Ibsen’s theater career began with the performance of his second play, The Warrior’s Barrow (1850). He served as writer-manager of the Norwegian Theatre in Bergen from 1851 to 1857, when he became artistic director of the Christiania Norwegian Theatre in Christiania (now Oslo). In 1858, he married Suzannah Thoresen, whose devotion brought him lifelong emotional security. In 1864, a grant for foreign study began a 27-year period of voluntary exile for Ibsen, mainly in Italy and Germany. During this time, he wrote his most enduring masterpieces. He returned permanently to Christiania in 1891. He died on May 23, 1906.
His plays.
Ibsen’s first period (1850-1873) consists mainly of verse dramas, most based on Norwegian history and folk literature. The best are Brand (written in 1865), a symbolic tragedy, and Peer Gynt (written in 1867), a fantasy.

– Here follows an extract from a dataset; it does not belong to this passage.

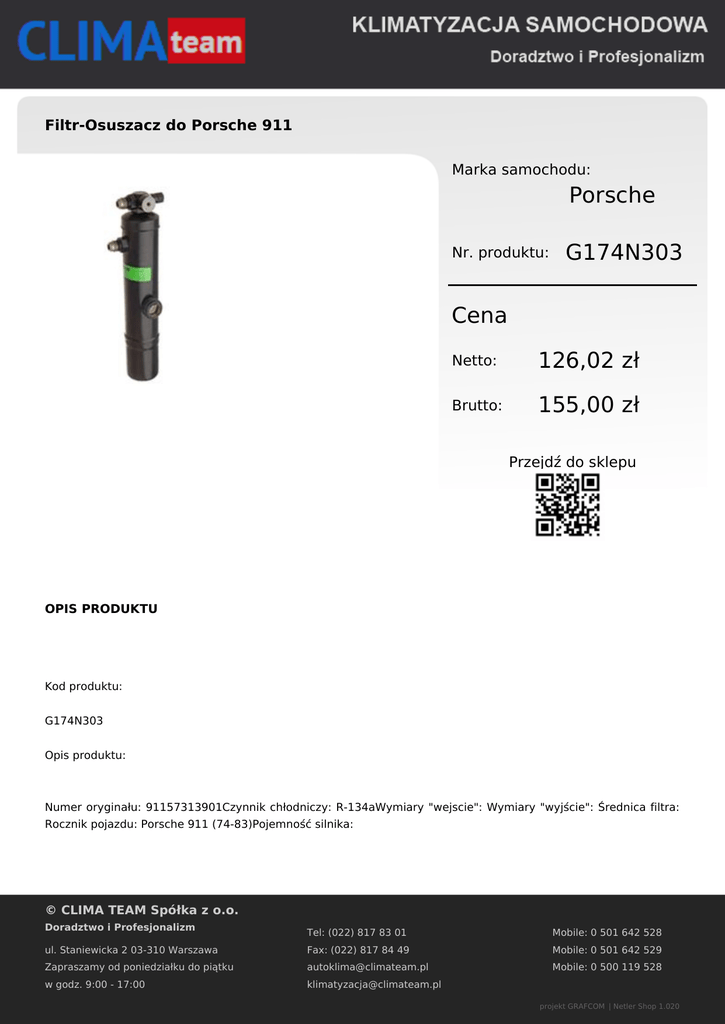 ClimaTeam Filtr-Osuszacz do Porsche 911

Ibsen’s most popular works today are the prose “problem plays” of his second period (1877-1891). They are realistic studies of small-town life. In them, Ibsen exposed the deceptions and corruption that he saw in middle-class society. A Doll’s House (1879) explores the oppression of women. Ghosts (1882) portrays the terrible cost of inherited guilt. An Enemy of the People (1883) deals with community suppression of a truth that it finds inconvenient. The Wild Duck (1885) deals with the relative merits of reality and illusion. Hedda Gabler (1891) concerns the psychological dangers of social and sexual repression.
The plays of Ibsen’s last period (1892-1900) reintroduced the heightened symbolic intensity of the playwright’s early work. They reveal Ibsen’s mystical side, especially his interest in the workings of the unconscious and the individual’s struggle to achieve self-realization. The plays of this period are The Master Builder (1893), Little Eyolf (1895), John Gabriel Borkman (1897), and When We Dead Awaken (1900).